Especially if something has occurred to journal or blog of a morning, I avoid opening email or news first thing, as doing so instantly sweeps the mind. Best avoided, the outside world shades, dims, ability to focus. Bibel und Zeitung doesn’t always work well this early. Meaning to have a go at today’s gospel, I quickly browsed today’s news anyway, and that was that. Luke would have been better:
Gospel, Luke 13:1-9
1 It was just about this time that some people arrived and told him about the Galileans whose blood Pilate had mingled with that of their sacrifices. At this he said to them, 2 'Do you suppose that these Galileans were worse sinners than any others, that this should have happened to them? 3 They were not, I tell you. No; but unless you repent you will all perish as they did. 4 Or those eighteen on whom the tower at Siloam fell, killing them all? Do you suppose that they were more guilty than all the other people living in Jerusalem? 5 They were not, I tell you. No; but unless you repent you will all perish as they did.’
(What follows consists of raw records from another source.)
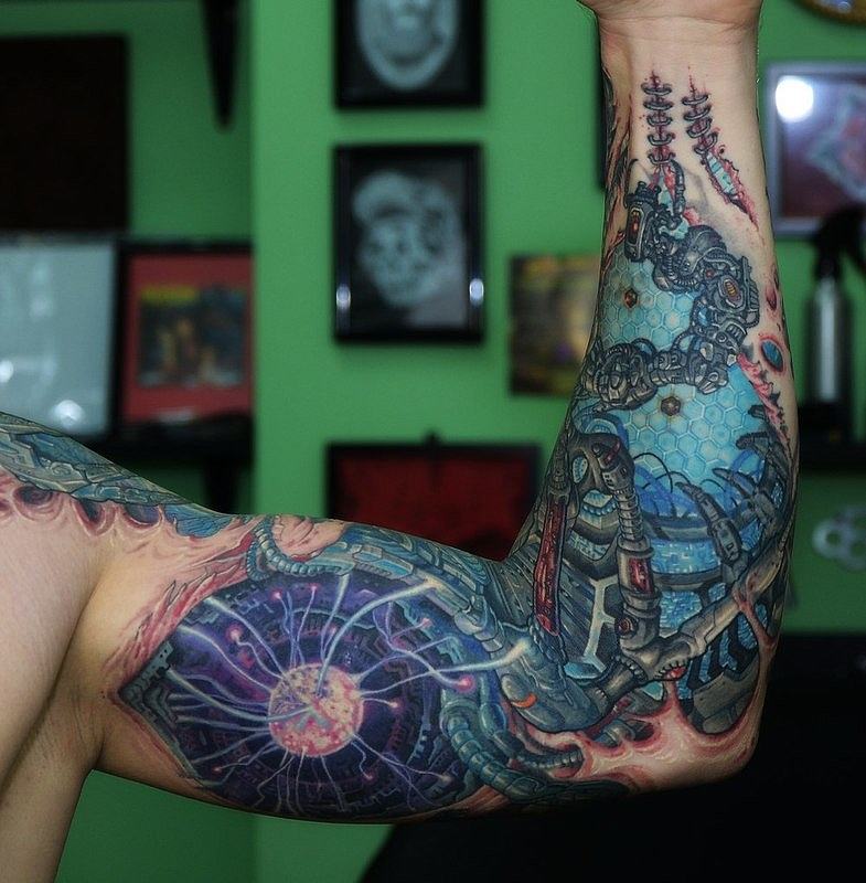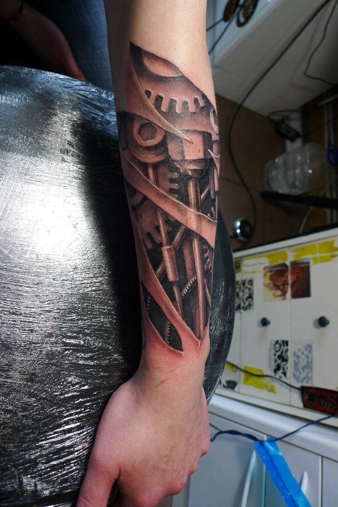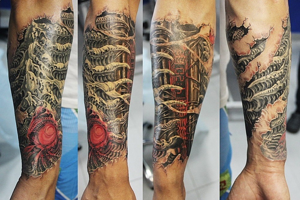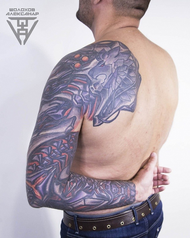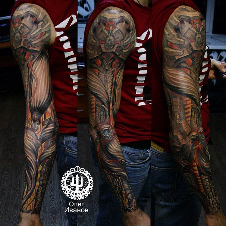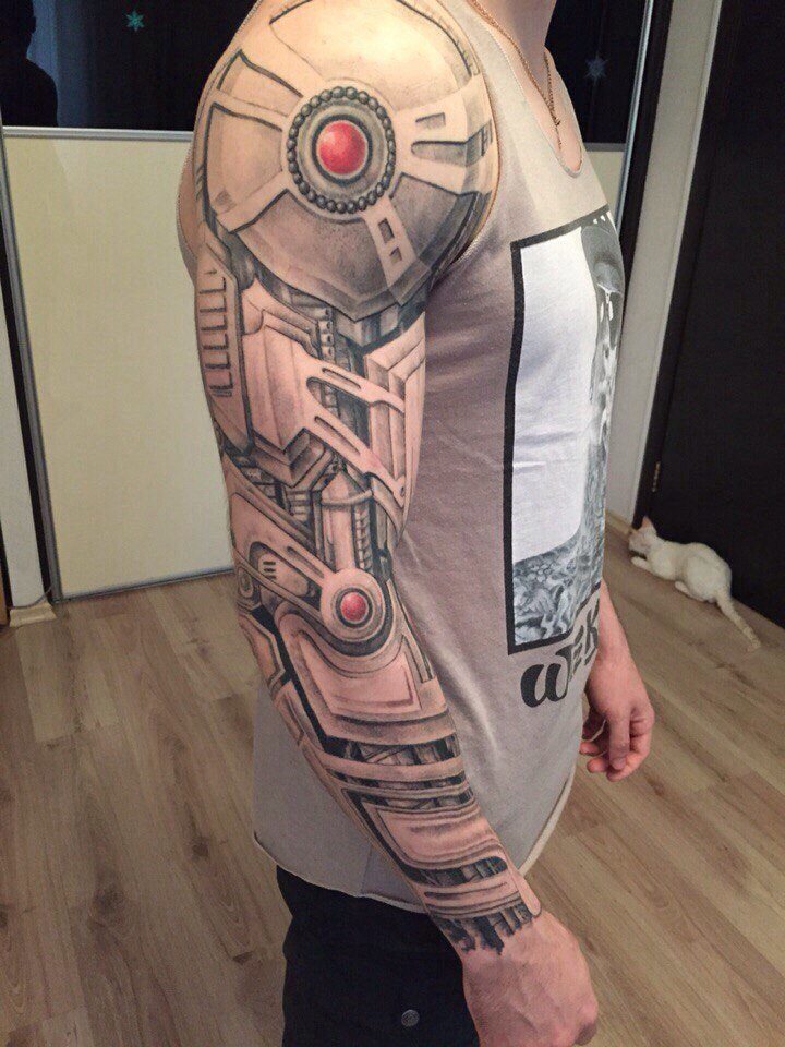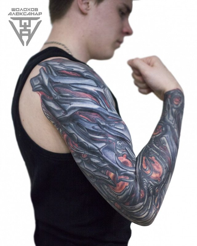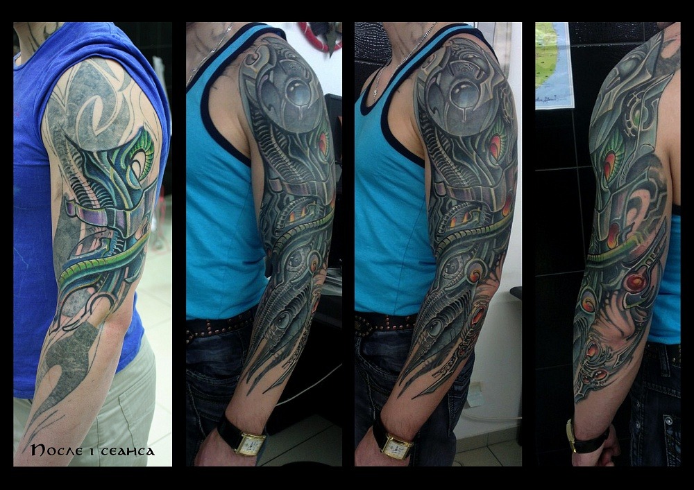 Tatouage "manche", fabriqué dans le style de la biomécanique - travail minutieux, long et beau. Si vous avez choisi un tel tatouage pour vous-même, vous devez vous préparer à plusieurs sessions. Une «pochette» dans le style de la biomécanique est une image en trois dimensions représentant de nombreuses pièces mécaniques. Le tatouage "manche" a l'air impressionnant et original. Le temps passé et l'endurance en valent la peine.
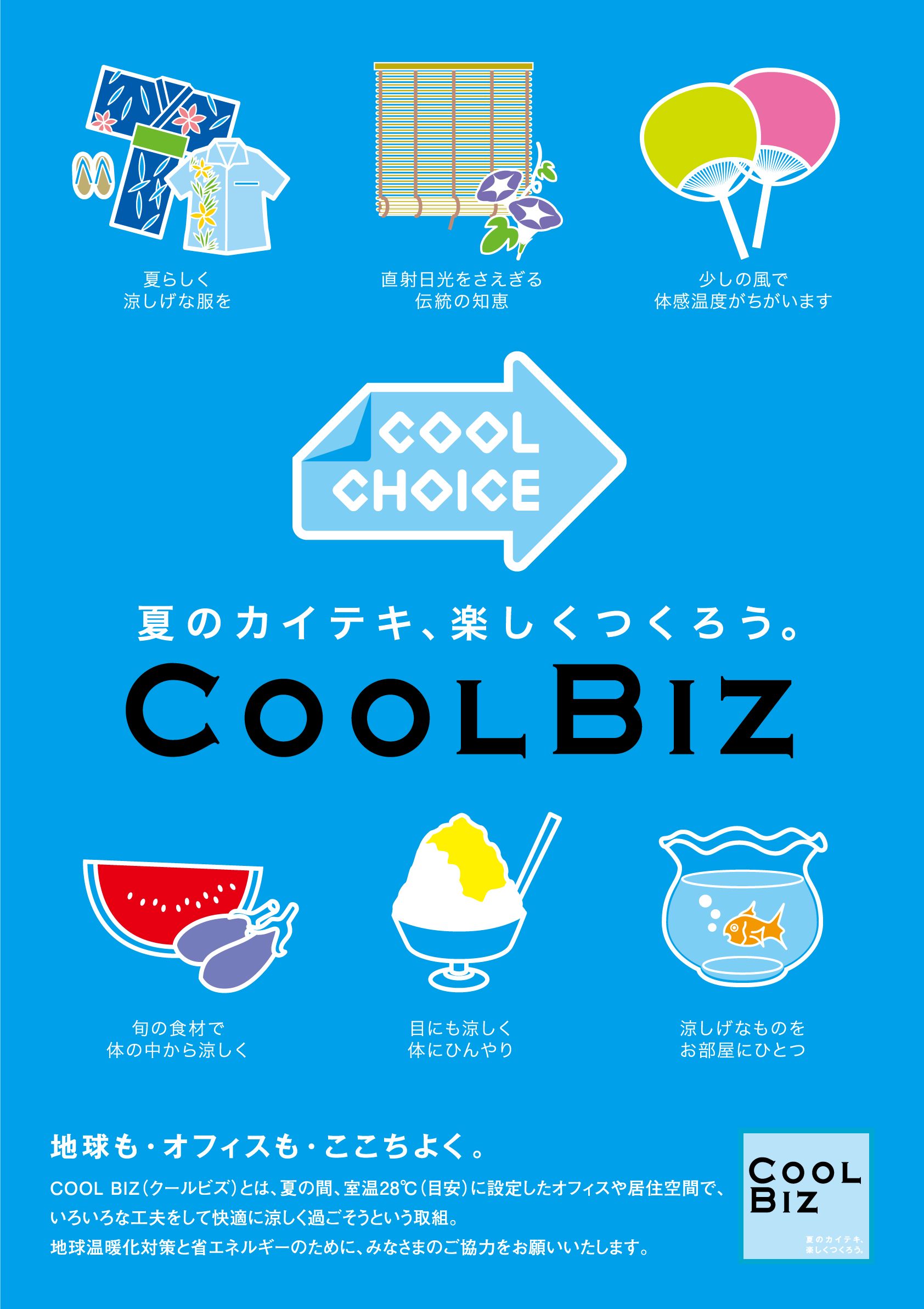 実施期間中の社員は「ノーネクタイ・ノージャケット」等の軽装で業務につきますことをご理解いただきますようお願い申し上げます。
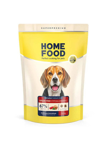 Переваги: Корм враховує особливості собак з активним способом життя. Продукти, що входять до складу корму, високо засвоювані. Рецептура включає необхідні для підтримки здоров'я комплекс вітамінів, амінокислот і Омега жирних кислот. Корм не містить консервантів, БАДів і хімічних добавок. Оновлений склад (фасування 1,6 кг, 10 кг): м’ясо ягнятини 30% (дегідратоване м’ясо ягнятини 20%, свіже м’ясо та обріз ягнятини не менше 8%, рубець та легені ягнятини (сушені та подрібнені) 2%), дегідратоване м’ясо індички 16%, рис цільнозерновий 12%, зневоднений протеїн ягнятини 8%, червона сочевиця, індичий жир 4%, цільна креветка 4% (джерело глюкозаміну), пластівці яблучні, олія лосося 3% (джерело Омега-3, Омега-6), фітоформула АМРОЛ (амарант, розторопша, льон) 3%, м’якоть буряка, жир ягнятини 2%, бета-1.3/1.6-глюкани (пребіотик), мананоолігосахариди, глюкозамін 0.5%, інулін цикорію 0.4%, хондроїтин 0.06%, куркума 0.05%, екстракт розмарину 0.05%, квіти ромашки лікарської 0.04%, квіти календули 0.04% (джерело лютеїну), листя кропиви 0.04%, псиліум (оболонка насіння подорожника) 0.04%, юка Шидигера 0.04%. Харчові добавки на 1 кг корму: вітамін А 20000 МО, вітамін D3 800 МО, вітамін Е 500 МО, вітамін С 350 мг, холіну хлорид 1500 мг, біотин 2.8 мг, вітамін В1 2.5 мг, вітамін В2 0.06 мг, вітамін В3 25 мг, вітамін В5 27 мг, вітамін В6 8 мг, В9 фолієва кислота 1.6 мг, вітамін В12 0.08 мг, цинк 95 мг, залізо 70 мг, марганець 35 мг, йод 3.2 мг, мідь 15 мг, селен 0.2 мг, L-метіонін 4000 мг, L-карнітин 200 мг. Антиоксиданти природного походження: екстракти цитруса, чорної смородини, винограду. Гарантований аналіз: сирий білок 28%, сирий жир 16%, сира клітковина 2.8%, сира зола 5.6%, кальцій 1.2%, фосфор 0.8%, вологість 10%, Омега-3 1.1%, Омега-6 3.14%, EPA 0.6%, DHA 0.3%. Енергетична цінність (калорійність) 100 г корму: 1605 кДж (384 ккал). Старий склад: м’ясо ягнятини — 31% (дегідратоване м’ясо ягнятини — 15%, свіже м’ясо та обрізь ягнятини — 10%, свіжі субпродукти ягнятини — 4% (рубець, легені, печінка, серце), сушений рубець та легені ягнятини — 2%), дегідратоване м’ясо качки, свіже м’ясо качки, рис цільнозерновий білий, м’ясний бульйон з ягнятини, свіже витоплений жир та вишкварки ягнятини, печене яблуко — 4%, рис цільнозерновий нешліфований, витяжка зі шкіри та хрящів лосося (джерело колагену та хондроїтину), фітоформула АМРОЛ (амарант, розторопша, льон), жир лосося насичений токоферолом вітамін Е (Омега-3, Омега-6), висівки рисові, пластівці яблучні, цільна червона сочевиця, свіжа цільна креветка (джерело глюкозаміну), премікс вітамінний, премікс мінеральний, м’якоть гарбуза, ФОС фруктоолігосахариди (пребіотик) корінь цикорію (джерело інуліну), ехінацея — 0.02%, квіти ромашки лікарської — 0.02%, насіння фенхелю — 0.02%, оболонка ягід шипшини — 0.02%, ягоди аронії — 0.02%, юка Шидигера — 0.01%, листя кропиви — 0.01%, чебрець — 0.01%, подорожник — 0.01%, розмарин — 0.01%, імбир — 0.01%, глюкозамін сульфат, хондроїтин сульфат, термокс. Рекомендації щодо годівлі: Привчайте тварину до сухого корму Home Food поступово. Рекомендовані норми годівлі на упаковці товару. Вказана денна норма є орієнтовною: точну кількість слід визначати відповідно до вимог, віку, рівня активності, погодних умов та особливих потреб тварини. У тварини завжди має бути миска зі свіжою, чистою водою. Зберігати у сухому прохолодному місці. Завжди закривайте упаковку після кожного годування. Активність собаки Вага собаки, кг / Кількість корму, г 1-3 3-6 6-10 10-15 15-20 20-27 27-33 33-40 40-50 
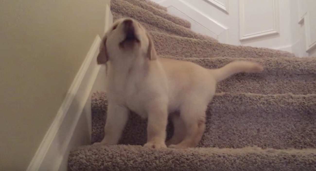 「これが噂の階段か…コワッ」絶望と喜びに包まれた、ゴールデン子犬の階段チャレンジ【動画】
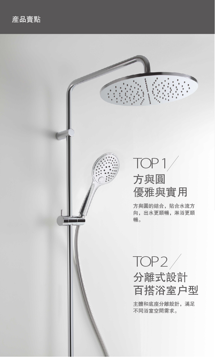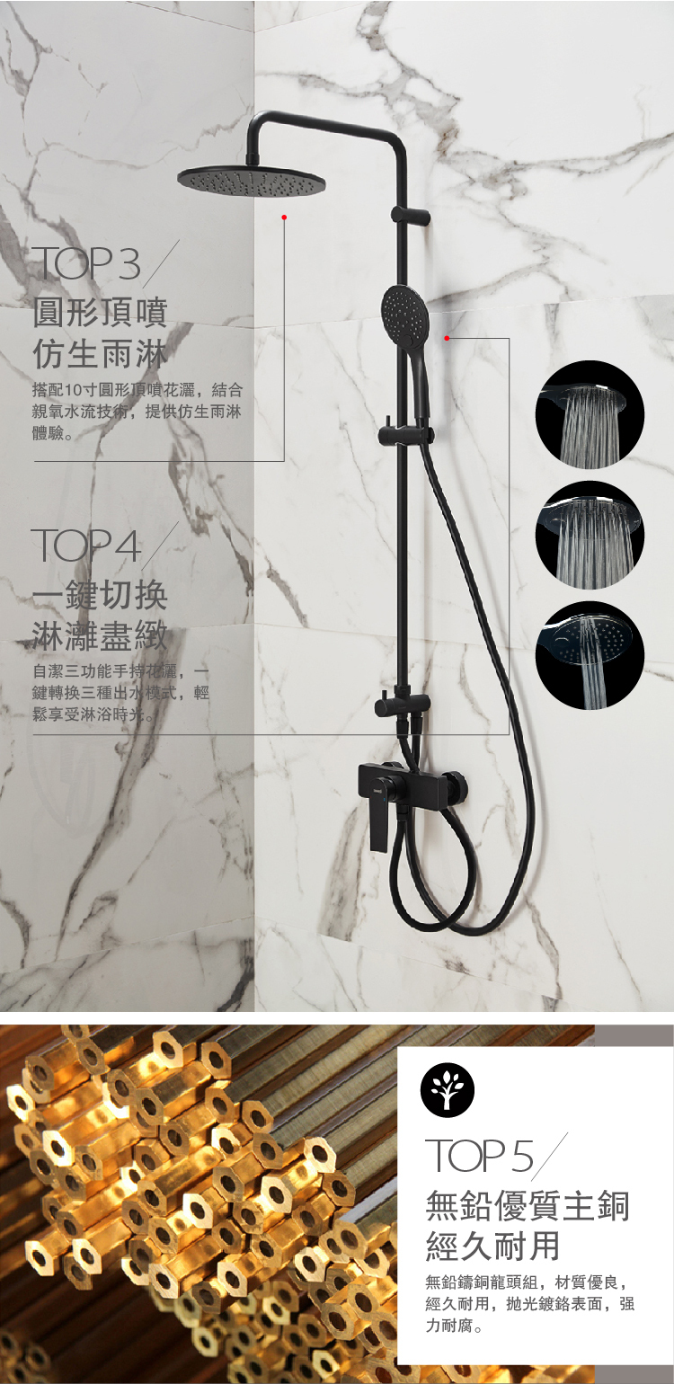 10寸圓型銅質頂花灑,ABS三功能手握花灑

6 He told this parable, 'A man had a fig tree planted in his vineyard, and he came looking for fruit on it but found none. 7 He said to his vinedresser, "For three years now I have been coming to look for fruit on this fig tree and finding none. Cut it down: why should it be taking up the ground?" 8 "Sir," the man replied, "leave it one more year and give me time to dig round it and manure it: 9 it may bear fruit next year; if not, then you can cut it down.”
That, at least the parable (13:6-9), could easily be taken into the politics of the presidential election. I hugely disappreciate hesitant micromanagement of war, and I'm uneasy about all the manure being spread around the nonproductive fig tree; but I’m most wary of what is seeming to be meant by the slogan “make America great again,” and slogans are just the beginnings of the birthpangs. America is great, and my German is not good enough to follow the link I uneasily sense between early 20th century and early 21st century maniacal rubbish, not to repeat skybalon, being passed as rhetoric; and it seems true that hysterically shouting loud and confident still brings the crowds to their feet saluting and screaming. Run it up the flagpole and see if anyone salutes, and sure enough, they do. God help us. Please.
At this point in Luke’s gospel, Jesus is on his way to Jerusalem, teaching, healing, preaching along the way. Looking back at what precedes “it was just about this time” confirms that some of the preaching is discomfitingly apocalyptic. Who besides me is uneasy no matter what or who?